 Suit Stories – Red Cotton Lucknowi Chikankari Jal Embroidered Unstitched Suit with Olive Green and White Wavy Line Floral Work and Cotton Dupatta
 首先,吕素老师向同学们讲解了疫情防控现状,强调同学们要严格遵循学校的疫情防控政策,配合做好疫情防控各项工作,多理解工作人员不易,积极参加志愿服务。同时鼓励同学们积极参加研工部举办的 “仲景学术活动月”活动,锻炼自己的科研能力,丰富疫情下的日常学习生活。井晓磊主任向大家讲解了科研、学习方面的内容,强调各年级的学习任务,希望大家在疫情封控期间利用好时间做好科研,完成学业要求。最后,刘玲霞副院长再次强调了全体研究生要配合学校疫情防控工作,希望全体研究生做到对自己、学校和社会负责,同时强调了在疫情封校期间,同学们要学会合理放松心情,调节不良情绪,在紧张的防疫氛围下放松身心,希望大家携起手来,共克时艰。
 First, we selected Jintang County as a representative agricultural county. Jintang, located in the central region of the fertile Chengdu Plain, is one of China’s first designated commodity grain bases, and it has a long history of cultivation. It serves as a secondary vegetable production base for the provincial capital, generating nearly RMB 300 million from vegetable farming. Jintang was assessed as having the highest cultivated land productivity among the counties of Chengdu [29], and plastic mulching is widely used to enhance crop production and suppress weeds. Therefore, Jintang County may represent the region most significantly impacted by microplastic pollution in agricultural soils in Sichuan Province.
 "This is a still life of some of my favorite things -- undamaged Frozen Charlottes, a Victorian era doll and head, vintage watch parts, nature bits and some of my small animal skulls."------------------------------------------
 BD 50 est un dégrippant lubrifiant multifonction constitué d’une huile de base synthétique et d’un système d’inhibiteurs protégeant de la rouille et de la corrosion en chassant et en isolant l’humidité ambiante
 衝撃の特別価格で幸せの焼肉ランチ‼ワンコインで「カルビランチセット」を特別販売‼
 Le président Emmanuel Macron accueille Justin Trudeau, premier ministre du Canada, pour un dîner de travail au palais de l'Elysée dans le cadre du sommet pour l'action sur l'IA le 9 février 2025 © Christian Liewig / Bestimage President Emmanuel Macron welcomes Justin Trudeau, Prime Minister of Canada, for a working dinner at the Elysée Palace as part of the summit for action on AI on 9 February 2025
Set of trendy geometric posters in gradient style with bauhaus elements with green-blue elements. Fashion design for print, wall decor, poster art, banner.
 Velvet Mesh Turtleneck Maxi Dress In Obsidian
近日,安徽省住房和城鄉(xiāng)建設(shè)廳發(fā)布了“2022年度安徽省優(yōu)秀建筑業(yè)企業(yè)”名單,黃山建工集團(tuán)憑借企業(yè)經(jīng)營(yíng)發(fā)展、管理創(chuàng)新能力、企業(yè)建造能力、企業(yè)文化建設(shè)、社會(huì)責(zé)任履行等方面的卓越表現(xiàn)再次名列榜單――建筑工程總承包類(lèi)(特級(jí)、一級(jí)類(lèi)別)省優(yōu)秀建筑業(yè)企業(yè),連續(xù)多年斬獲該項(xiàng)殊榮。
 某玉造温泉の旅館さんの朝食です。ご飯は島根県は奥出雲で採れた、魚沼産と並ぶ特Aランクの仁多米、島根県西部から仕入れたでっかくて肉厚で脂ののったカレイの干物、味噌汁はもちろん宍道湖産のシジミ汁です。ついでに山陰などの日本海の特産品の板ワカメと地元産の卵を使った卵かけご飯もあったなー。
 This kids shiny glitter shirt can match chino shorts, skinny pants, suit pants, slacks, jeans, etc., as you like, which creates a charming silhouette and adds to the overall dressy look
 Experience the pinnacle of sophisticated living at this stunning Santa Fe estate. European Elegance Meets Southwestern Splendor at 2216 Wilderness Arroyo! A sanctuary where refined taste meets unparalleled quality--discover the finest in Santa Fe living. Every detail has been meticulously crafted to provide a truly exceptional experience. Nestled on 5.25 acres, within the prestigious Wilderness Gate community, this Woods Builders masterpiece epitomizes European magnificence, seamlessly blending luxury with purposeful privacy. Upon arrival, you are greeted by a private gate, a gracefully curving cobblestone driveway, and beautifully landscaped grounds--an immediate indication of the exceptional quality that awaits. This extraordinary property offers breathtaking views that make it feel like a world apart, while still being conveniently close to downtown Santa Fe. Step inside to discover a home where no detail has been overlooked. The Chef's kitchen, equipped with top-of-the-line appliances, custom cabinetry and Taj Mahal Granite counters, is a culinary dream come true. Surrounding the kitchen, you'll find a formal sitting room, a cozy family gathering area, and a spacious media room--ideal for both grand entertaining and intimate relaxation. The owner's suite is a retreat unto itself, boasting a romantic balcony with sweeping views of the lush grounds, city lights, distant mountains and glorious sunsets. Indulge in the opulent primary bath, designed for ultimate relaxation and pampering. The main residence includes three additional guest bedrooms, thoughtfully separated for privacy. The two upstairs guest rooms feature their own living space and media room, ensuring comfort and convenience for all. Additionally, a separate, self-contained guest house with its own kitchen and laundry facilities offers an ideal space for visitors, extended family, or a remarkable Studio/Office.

*Task details*. Return each line exactly, beginning at the start of the material above and ending at the line that includes "a still life", with both of those kept.

*Exercise response*.
 Suit Stories – Red Cotton Lucknowi Chikankari Jal Embroidered Unstitched Suit with Olive Green and White Wavy Line Floral Work and Cotton Dupatta
 首先,吕素老师向同学们讲解了疫情防控现状,强调同学们要严格遵循学校的疫情防控政策,配合做好疫情防控各项工作,多理解工作人员不易,积极参加志愿服务。同时鼓励同学们积极参加研工部举办的 “仲景学术活动月”活动,锻炼自己的科研能力,丰富疫情下的日常学习生活。井晓磊主任向大家讲解了科研、学习方面的内容,强调各年级的学习任务,希望大家在疫情封控期间利用好时间做好科研,完成学业要求。最后,刘玲霞副院长再次强调了全体研究生要配合学校疫情防控工作,希望全体研究生做到对自己、学校和社会负责,同时强调了在疫情封校期间,同学们要学会合理放松心情,调节不良情绪,在紧张的防疫氛围下放松身心,希望大家携起手来,共克时艰。
 First, we selected Jintang County as a representative agricultural county. Jintang, located in the central region of the fertile Chengdu Plain, is one of China’s first designated commodity grain bases, and it has a long history of cultivation. It serves as a secondary vegetable production base for the provincial capital, generating nearly RMB 300 million from vegetable farming. Jintang was assessed as having the highest cultivated land productivity among the counties of Chengdu [29], and plastic mulching is widely used to enhance crop production and suppress weeds. Therefore, Jintang County may represent the region most significantly impacted by microplastic pollution in agricultural soils in Sichuan Province.
 "This is a still life of some of my favorite things -- undamaged Frozen Charlottes, a Victorian era doll and head, vintage watch parts, nature bits and some of my small animal skulls."------------------------------------------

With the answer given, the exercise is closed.